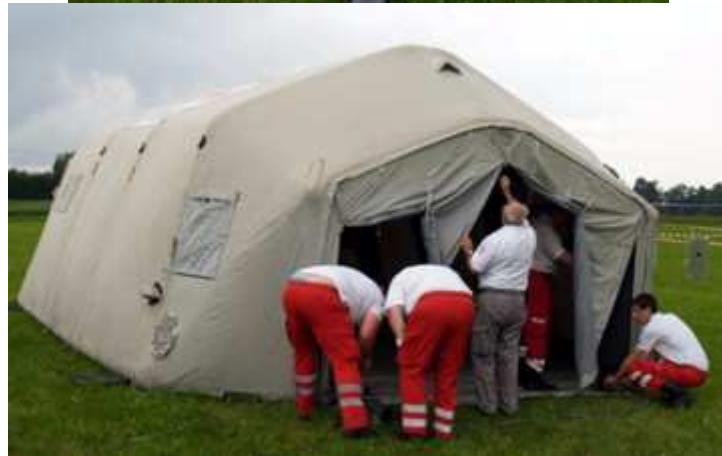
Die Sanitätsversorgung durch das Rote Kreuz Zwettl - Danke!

--

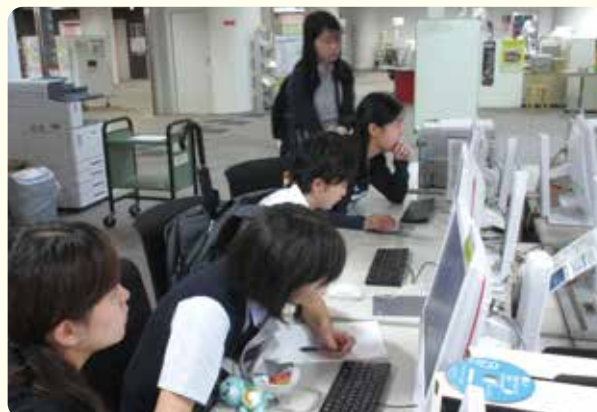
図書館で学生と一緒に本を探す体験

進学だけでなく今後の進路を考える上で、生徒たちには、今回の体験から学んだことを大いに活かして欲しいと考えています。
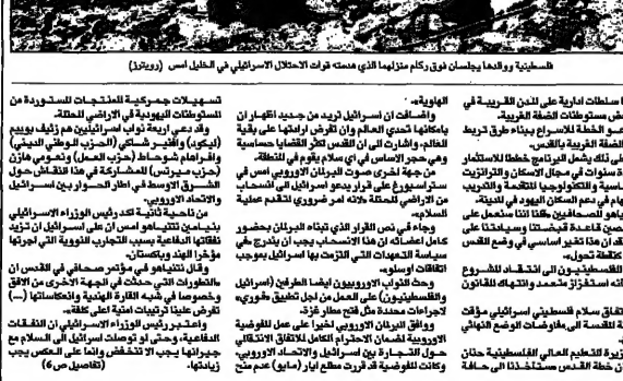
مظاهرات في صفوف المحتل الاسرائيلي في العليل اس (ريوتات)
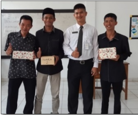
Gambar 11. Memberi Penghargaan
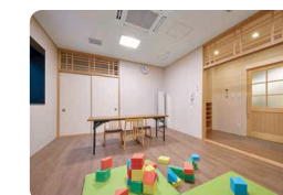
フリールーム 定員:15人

* Exercise brief: Every line above in the stretch from the one with "図書館で学生と一緒に本を探す体験" through the one with "フリールーム 定員:15人" is to be transcribed exactly, ends included. No picture is copied.

* Your response:
図書館で学生と一緒に本を探す体験

進学だけでなく今後の進路を考える上で、生徒たちには、今回の体験から学んだことを大いに活かして欲しいと考えています。
مظاهرات في صفوف المحتل الاسرائيلي في العليل اس (ريوتات)
Gambar 11. Memberi Penghargaan
フリールーム 定員:15人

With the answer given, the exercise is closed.